In [1]:
# Import necessary libraries
from pyspark.sql import SparkSession
from pyspark.sql.functions import hour, sum as _sum, col

# Create SparkSession
spark = SparkSession.builder \
    .appName("Retail Sales Analysis") \
    .config("spark.driver.memory", "2g") \
    .getOrCreate()


In [2]:
# Load the dataset
data = spark.read.csv("Downloads/SupermartSales.csv", header=True, inferSchema=True)

# Show the first few rows to verify the data
data.show(5)


+--------+-------------+----------------+----------------+-----------+----------+------+-----+--------+------+----------+
|Order ID|Customer Name|        Category|    Sub Category|       City|Order Date|Region|Sales|Discount|Profit|     State|
+--------+-------------+----------------+----------------+-----------+----------+------+-----+--------+------+----------+
|     OD1|       Harish|    Oil & Masala|         Masalas|    Vellore|11-08-2017| North| 1254|    0.12|401.28|Tamil Nadu|
|     OD2|        Sudha|       Beverages|   Health Drinks|Krishnagiri|11-08-2017| South|  749|    0.18| 149.8|Tamil Nadu|
|     OD3|      Hussain|     Food Grains|    Atta & Flour| Perambalur|06-12-2017|  West| 2360|    0.21| 165.2|Tamil Nadu|
|     OD4|      Jackson|Fruits & Veggies|Fresh Vegetables| Dharmapuri|10-11-2016| South|  896|    0.25|  89.6|Tamil Nadu|
|     OD5|      Ridhesh|     Food Grains| Organic Staples|       Ooty|10-11-2016| South| 2355|    0.26|918.45|Tamil Nadu|
+--------+-------------+

In [None]:
# Data Preprocessing

In [15]:
from pyspark.sql.functions import to_date, col, hour

# Parse the "Order Date" in the format MM/d/yyyy (without leading zeros for single digits)
data = data.withColumn("OrderDate", to_date("Order Date", "M/d/yyyy"))

# Show the processed data
data.select("Order Date", "OrderDate").show(5)


+----------+----------+
|Order Date| OrderDate|
+----------+----------+
| 8/25/2015|2015-08-25|
| 9/12/2017|2017-09-12|
| 3/16/2016|2016-03-16|
| 10/3/2016|2016-10-03|
|  9/9/2015|2015-09-09|
+----------+----------+
only showing top 5 rows



In [12]:
# Goal 1
# Identify top-performing products and their seasonal trends

In [17]:
from pyspark.sql.functions import col, sum as _sum

# Group by ProductName and calculate total sales
product_sales = data.groupBy("Category").agg(_sum("Sales").alias("TotalSales"))
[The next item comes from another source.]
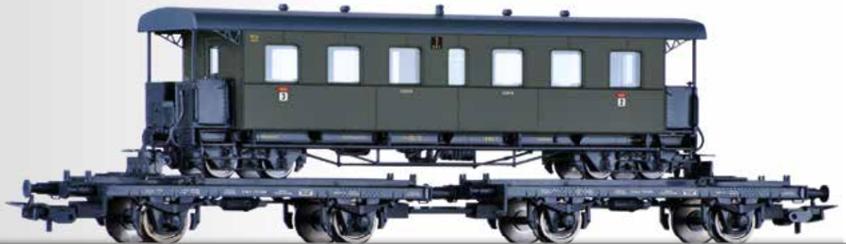
Set „Schmalspurtransport“ der DRG, zwei Schmalspur-Transportwagen H0, beladen mit einem Schmalspur-Personenwagen der NWE H0m Narrow gauge set of the DRG with two transport cars H0, loaded with one narrow gauge passenger coach of the NWE H0m

# Sort by TotalSales in descending order
product_sales = product_sales.orderBy(col("TotalSales").desc())

# Show the top-performing products
product_sales.show(10)


+-----------------+----------+
|         Category|TotalSales|
+-----------------+----------+
|Eggs, Meat & Fish|   2267401|
|           Snacks|   2237546|
|      Food Grains|   2115272|
|           Bakery|   2112281|
| Fruits & Veggies|   2100727|
|        Beverages|   2085313|
|     Oil & Masala|   2038442|
+-----------------+----------+



In [9]:
#Goal 2
#Determine peak sales periods and customer purchasing behaviors

In [23]:
from pyspark.sql.functions import month, when, col, sum as _sum
from pyspark.sql import SparkSession

# Assuming you have already initialized your SparkSession
spark = SparkSession.builder.appName("SeasonalSalesAnalysis").getOrCreate()

# Convert Order Date to date type (if not already)
data = data.withColumn("OrderDate", to_date("Order Date", "M/d/yyyy"))

# Extract the month from the Order Date
data = data.withColumn("Month", month("OrderDate"))

# Map months to seasons
data = data.withColumn(
    "Season",
    when(col("Month").between(12, 2), "Winter")
    .when(col("Month").between(3, 5), "Summer")
    .when(col("Month").between(6, 9), "Monsoon")
    .otherwise("Post-Monsoon/Autumn")  # For months 10 and 11
)

# Group by season and calculate the total sales for each season
seasonal_sales = data.groupBy("Season").agg(_sum("Sales").alias("TotalSales"))

# Sort by TotalSales in descending order to find the peak season
seasonal_sales = seasonal_sales.orderBy("TotalSales", ascending=False)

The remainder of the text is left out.